O motivo da queda foram as novas exigências de licenças adotadas pelo país vizinho desde o início do ano. A liberação das cargas, que antes era automática ao passar pela aduana, agora depende de uma aprovação vinda da Secretaria de Comércio Exterior, em Buenos Aires. Essa licença demora de uma semana a 10 dias.

Borteze disse que cargas perecíveis, como banana e tomate, chegaram a estragar. Por isso as empresas exportadoras não estão nem mandando as cargas para a aduana. No ano passado, eram 10 a 15 cargas de banana passavam por Dionísio Cerqueira e entravam na Argentina. Agora, passa no máximo uma carga por dia.

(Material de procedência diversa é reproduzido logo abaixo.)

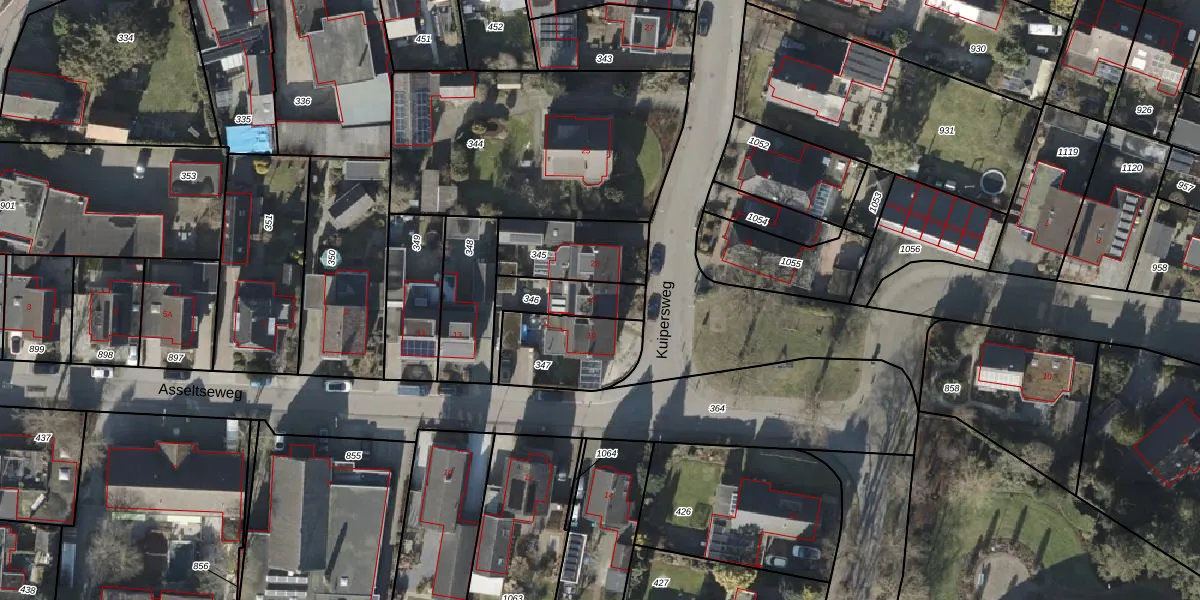 Gebruik de zoekbalk of klik op een perceel voor informatie over de adressen binnen dit perceel.
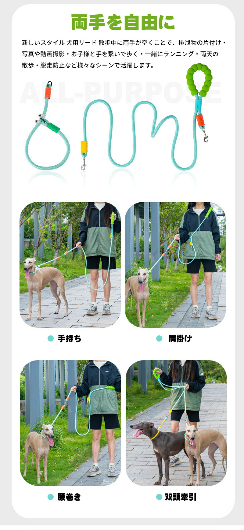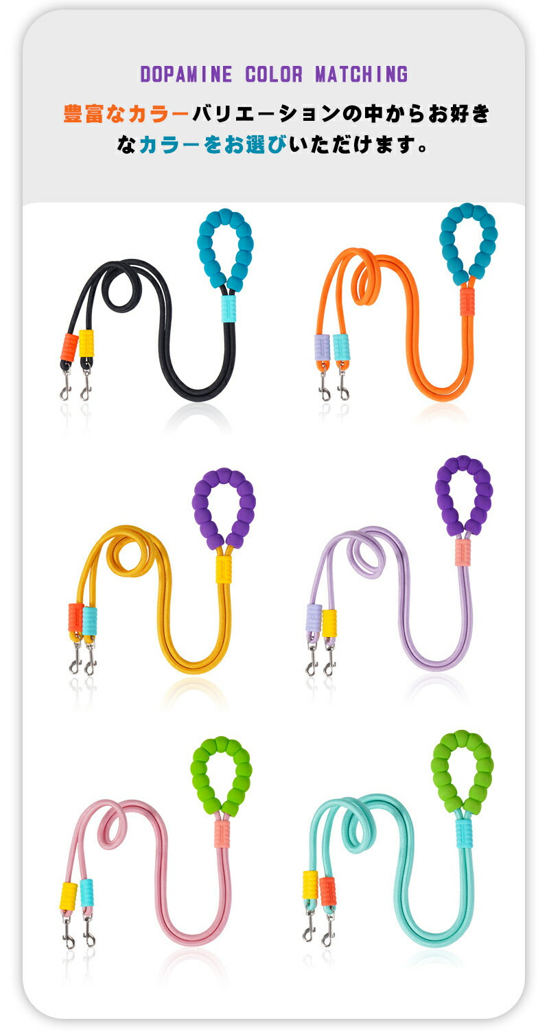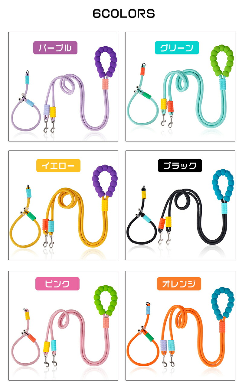 犬 リード ショルダーリード 1.1m ペット ペットグッズ 続々入荷中 オレンジ ピンク ブラック イエロー グリーン パープル 1頭引き(Pロープ*1) 2頭引き(Pロープ*2)
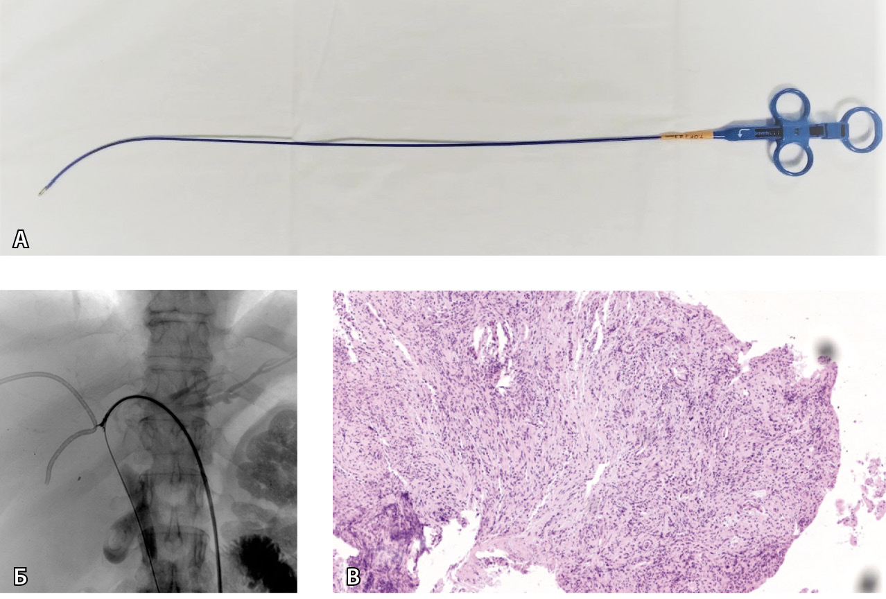 Рис. 1. Щипковая биопсия у пациента с опухолью Клацкина, Bismuth IV. А – рентгеноконтрастные изгибаемые/вращающиеся биопсийные щипцы Cordis BIPAL 7 F (2,33 мм) длиной 50 см. Б – холангиография с последующей щипковой биопсией опухоли общего печеночного протока из левого доступа. Видны раскрытые бранши щипцов. В – биопсийный материал. Фрагмент стенки желчного протока с разрастанием низкодифференцированной аденокарциномы (окраска гематоксилином и эозином; × 6)

Diariamente são exportadas 30 cargas mas quase todas para o Chile. Borteze disse que o movimento da aduana só não diminuiu no primeiro quadrimestre porque as cargas de carne bovina são bem mais valiosas. Enquanto uma carga de banana custa US$ 3 mil a US$ 4 mil, uma carga com 22 a 25 tonelada de carne custa US$ 100 mil.

A Aduana como um todo movimentou US$ 256 milhões no primeiro quadrimestre. Disto, US$ 138 milhões foram de exportações. O movimento total de caminhões, entre importação e exportação, foi 5.513 no primeiro quadrimestre, contra 7.463 do mesmo período do ano passado. Além dos problemas com a Argentina a reforma na aduana também está atrapalhando o movimento.

Mesmo com os problemas com a Argentina as filas são de apenas 30 caminhões no lado brasileiro, pois as empresas nem mandam mais cargas de produtos perecíveis para a aduana. No lado argentino a fila é maior, entre 100 e 150 caminhões, em virtude da safra de cebola argentina.